Exercise requirements: Please set down, word for word, the line that contains "В стоимость включено" and every line after it to the end of the entries below, omitting the pictures.
[[ Material for this exercise open ]]
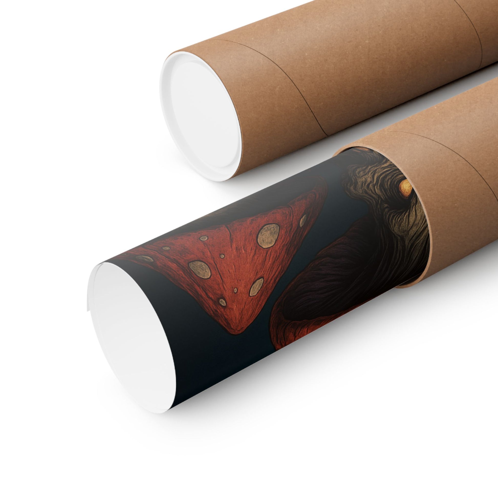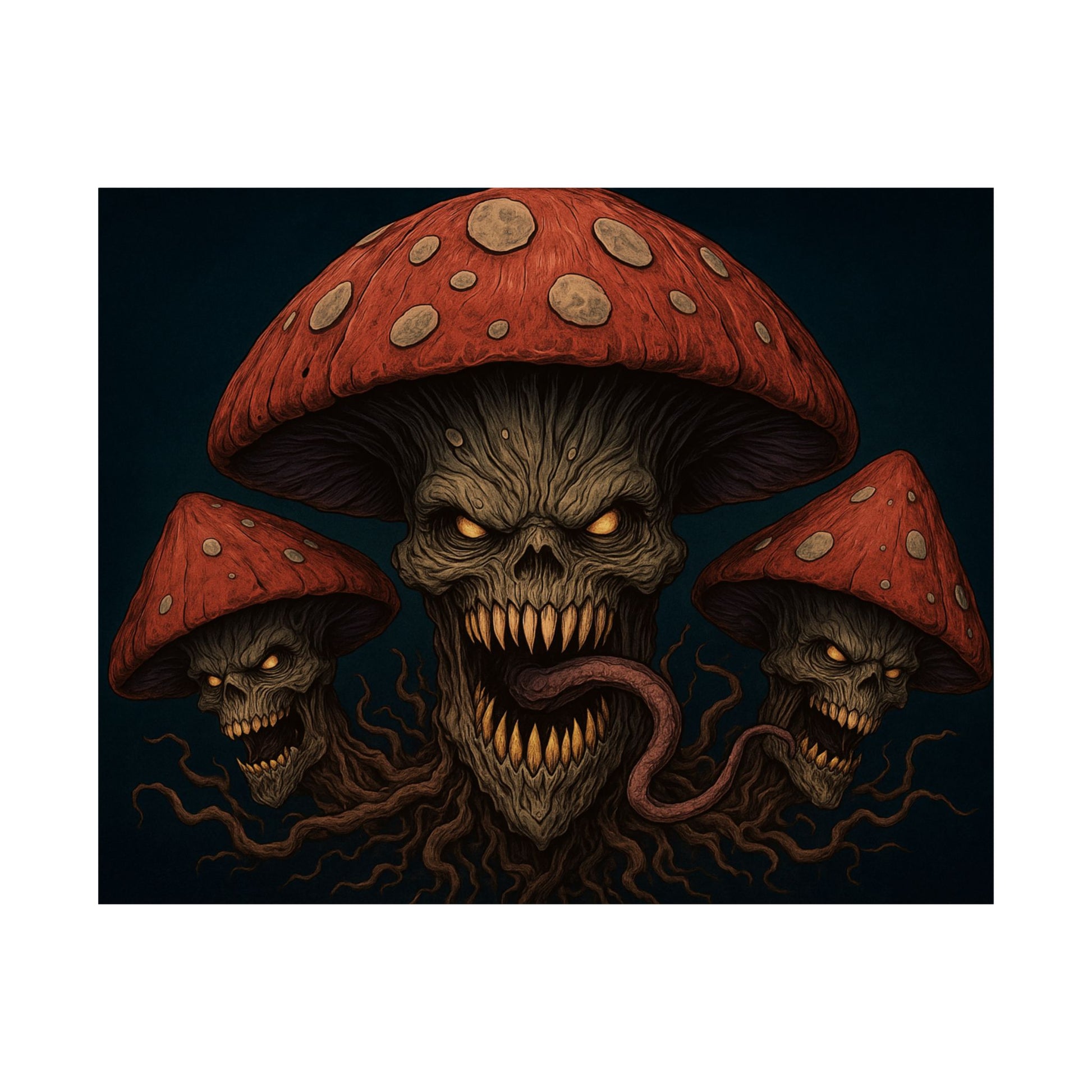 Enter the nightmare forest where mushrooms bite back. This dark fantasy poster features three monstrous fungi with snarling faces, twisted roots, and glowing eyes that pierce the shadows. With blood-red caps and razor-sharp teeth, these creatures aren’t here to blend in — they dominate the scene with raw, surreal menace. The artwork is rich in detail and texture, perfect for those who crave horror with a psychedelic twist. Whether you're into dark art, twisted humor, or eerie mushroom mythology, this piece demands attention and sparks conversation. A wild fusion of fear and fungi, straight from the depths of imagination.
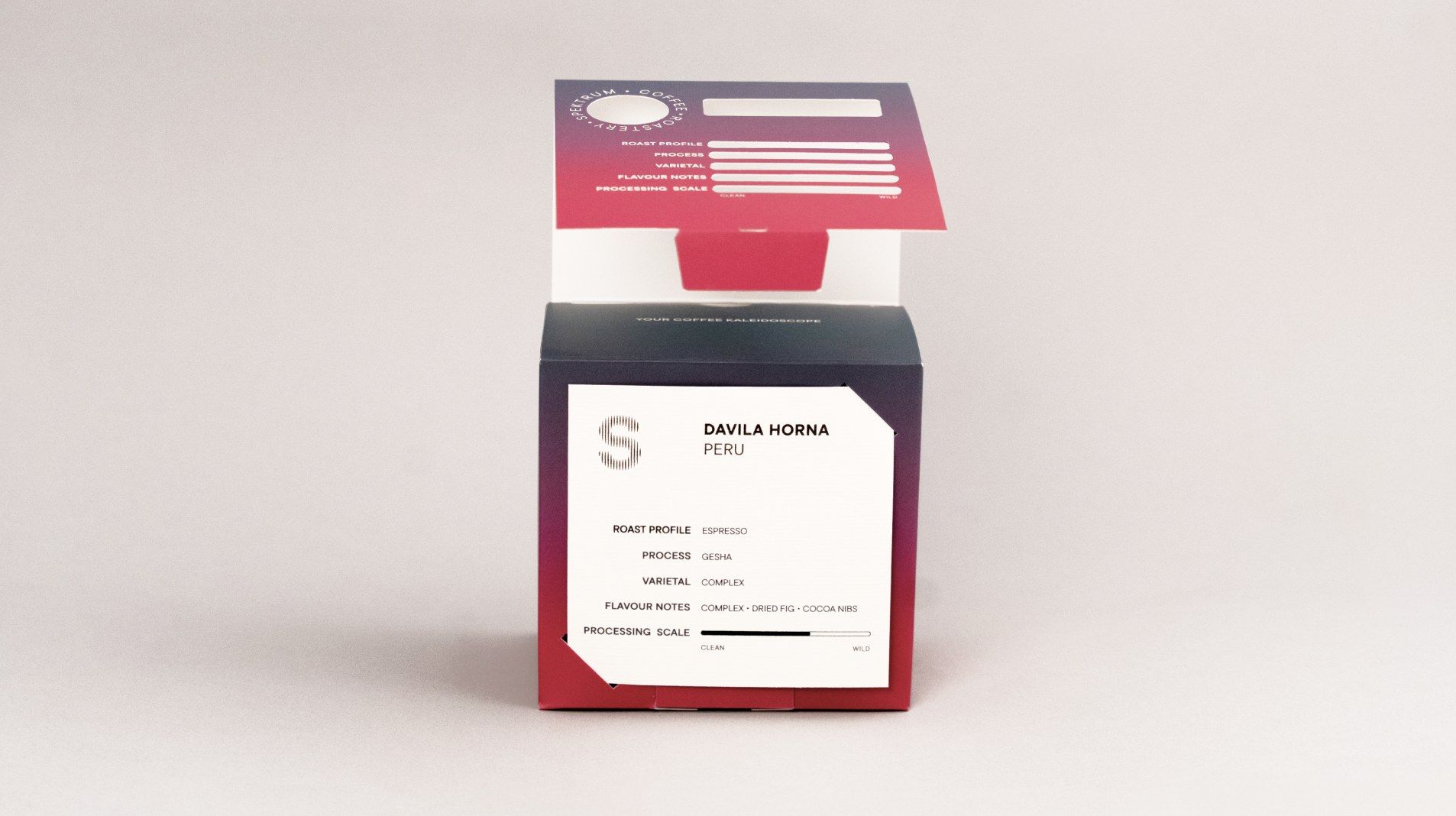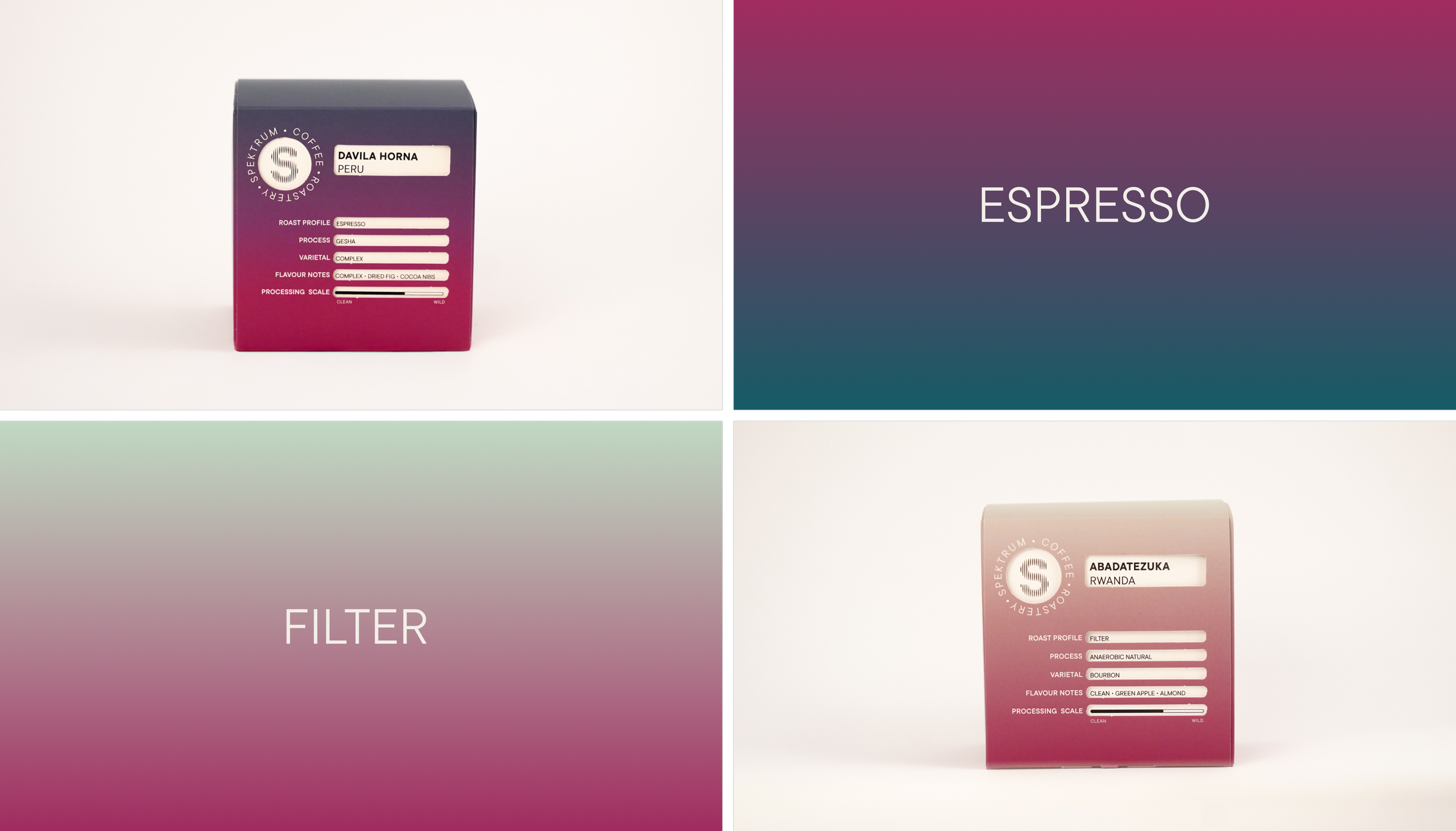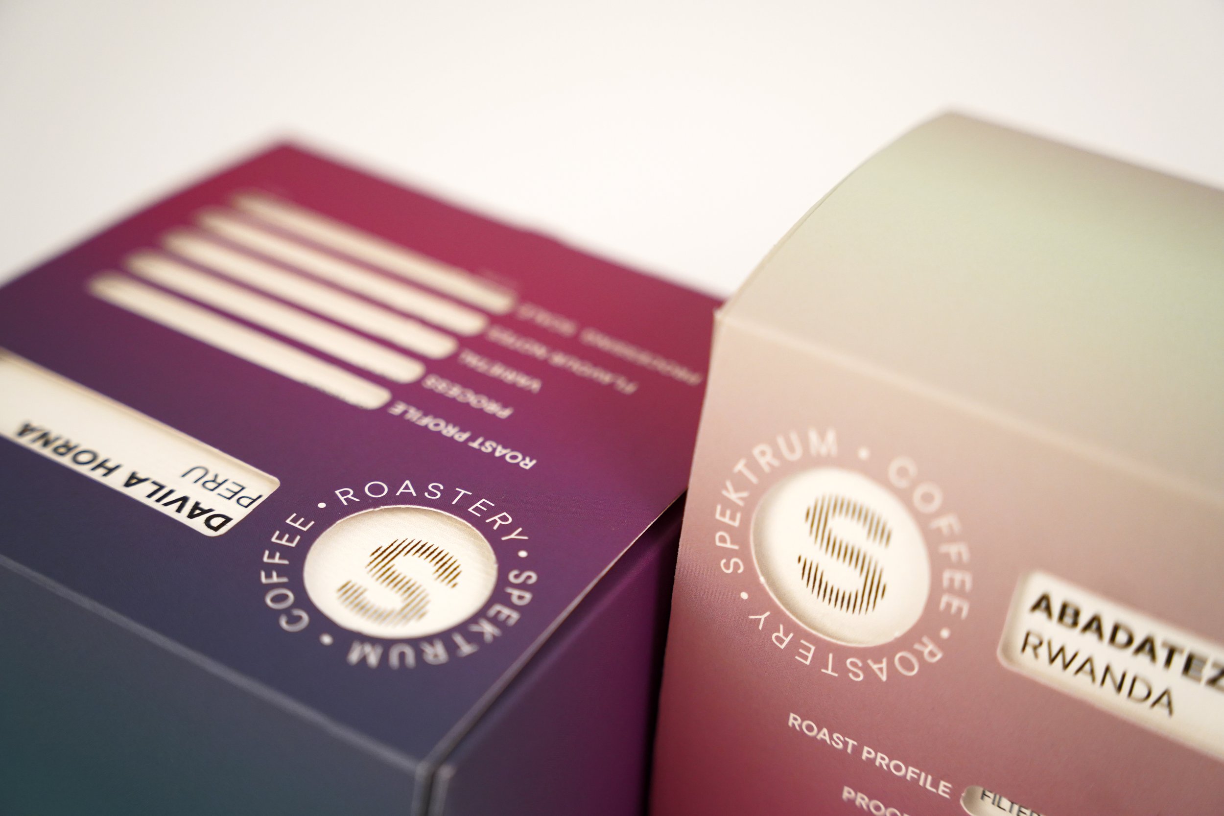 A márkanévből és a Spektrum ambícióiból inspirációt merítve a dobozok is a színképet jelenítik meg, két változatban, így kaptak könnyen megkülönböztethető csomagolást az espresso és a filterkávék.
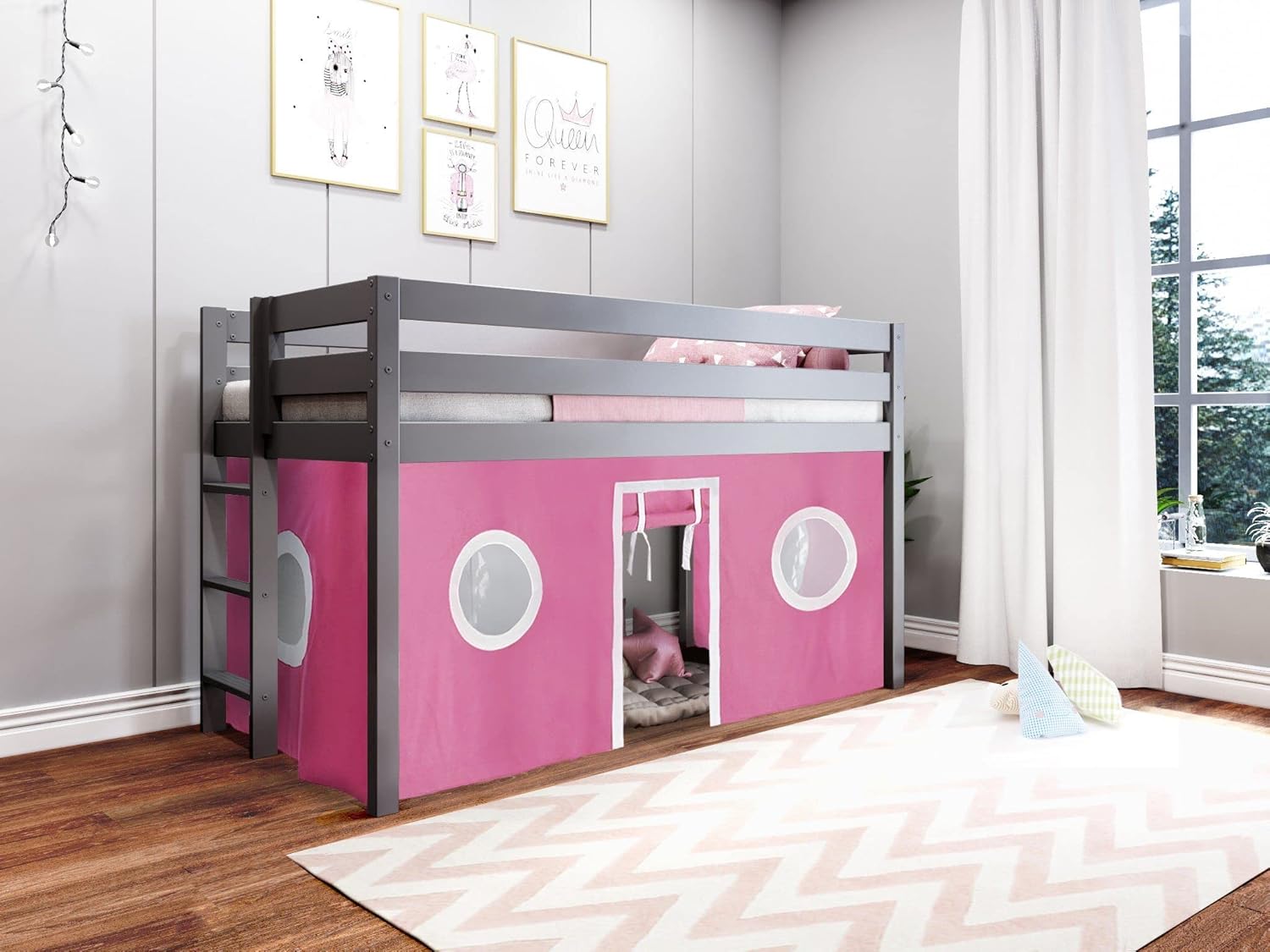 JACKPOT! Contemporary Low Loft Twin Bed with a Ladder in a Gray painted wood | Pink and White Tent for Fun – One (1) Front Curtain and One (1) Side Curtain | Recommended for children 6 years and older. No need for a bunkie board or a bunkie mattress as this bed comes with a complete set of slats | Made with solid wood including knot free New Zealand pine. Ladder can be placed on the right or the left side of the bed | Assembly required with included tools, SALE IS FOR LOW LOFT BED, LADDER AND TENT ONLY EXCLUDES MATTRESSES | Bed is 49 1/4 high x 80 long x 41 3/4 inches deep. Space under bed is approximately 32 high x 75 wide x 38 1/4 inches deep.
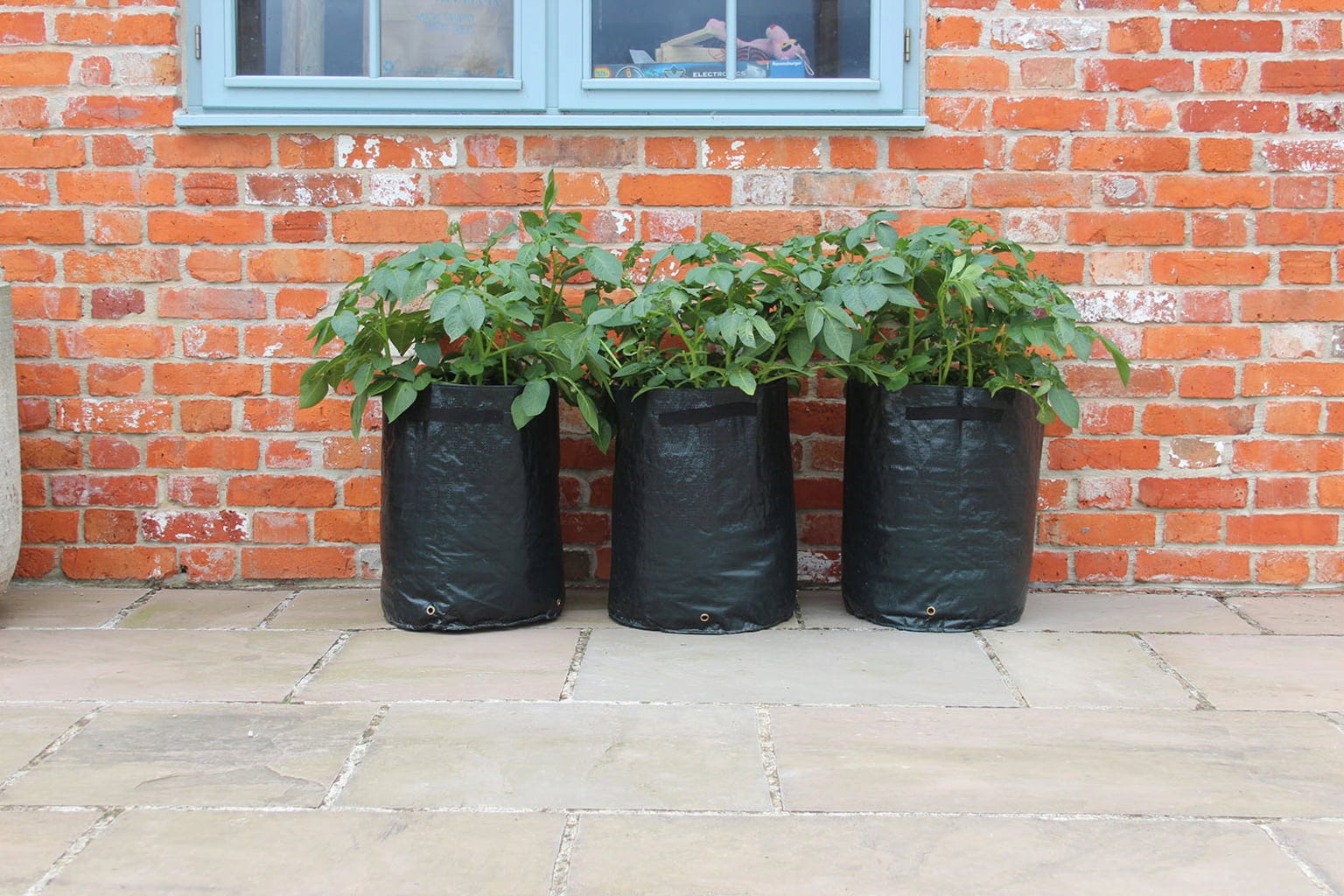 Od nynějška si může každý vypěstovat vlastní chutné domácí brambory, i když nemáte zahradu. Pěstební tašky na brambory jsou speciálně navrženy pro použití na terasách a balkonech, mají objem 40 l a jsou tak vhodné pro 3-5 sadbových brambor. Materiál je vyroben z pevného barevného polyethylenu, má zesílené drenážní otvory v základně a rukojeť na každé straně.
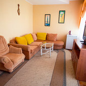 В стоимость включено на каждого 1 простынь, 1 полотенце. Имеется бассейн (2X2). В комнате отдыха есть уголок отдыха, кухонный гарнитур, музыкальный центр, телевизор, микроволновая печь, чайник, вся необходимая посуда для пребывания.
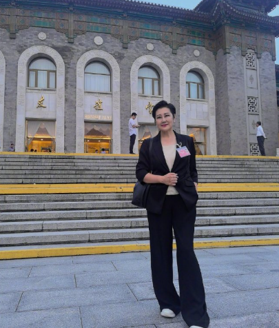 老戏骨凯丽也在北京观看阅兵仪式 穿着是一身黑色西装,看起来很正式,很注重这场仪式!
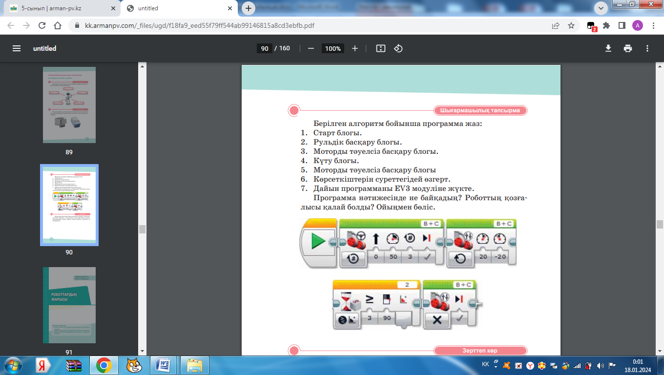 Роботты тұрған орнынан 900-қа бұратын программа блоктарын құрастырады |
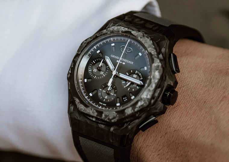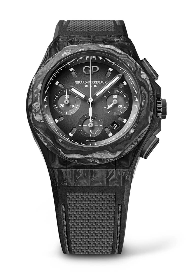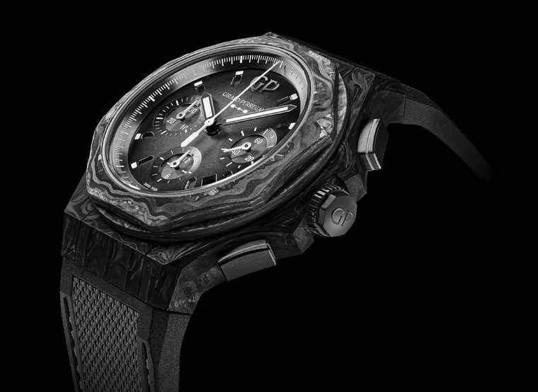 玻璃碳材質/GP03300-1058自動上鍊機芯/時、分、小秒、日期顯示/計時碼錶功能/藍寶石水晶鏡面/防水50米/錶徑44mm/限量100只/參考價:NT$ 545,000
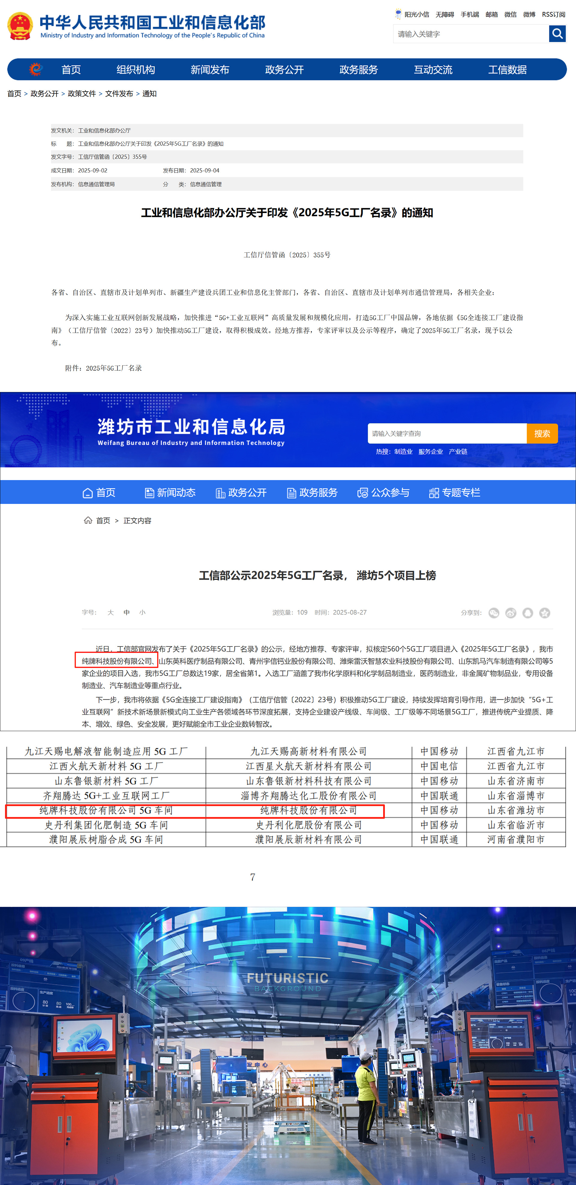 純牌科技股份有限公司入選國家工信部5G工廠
[[ Material for this exercise closed ]]
Worked solution:
 В стоимость включено на каждого 1 простынь, 1 полотенце. Имеется бассейн (2X2). В комнате отдыха есть уголок отдыха, кухонный гарнитур, музыкальный центр, телевизор, микроволновая печь, чайник, вся необходимая посуда для пребывания.
 老戏骨凯丽也在北京观看阅兵仪式 穿着是一身黑色西装,看起来很正式,很注重这场仪式!
 Роботты тұрған орнынан 900-қа бұратын программа блоктарын құрастырады |
 玻璃碳材質/GP03300-1058自動上鍊機芯/時、分、小秒、日期顯示/計時碼錶功能/藍寶石水晶鏡面/防水50米/錶徑44mm/限量100只/參考價:NT$ 545,000
 純牌科技股份有限公司入選國家工信部5G工廠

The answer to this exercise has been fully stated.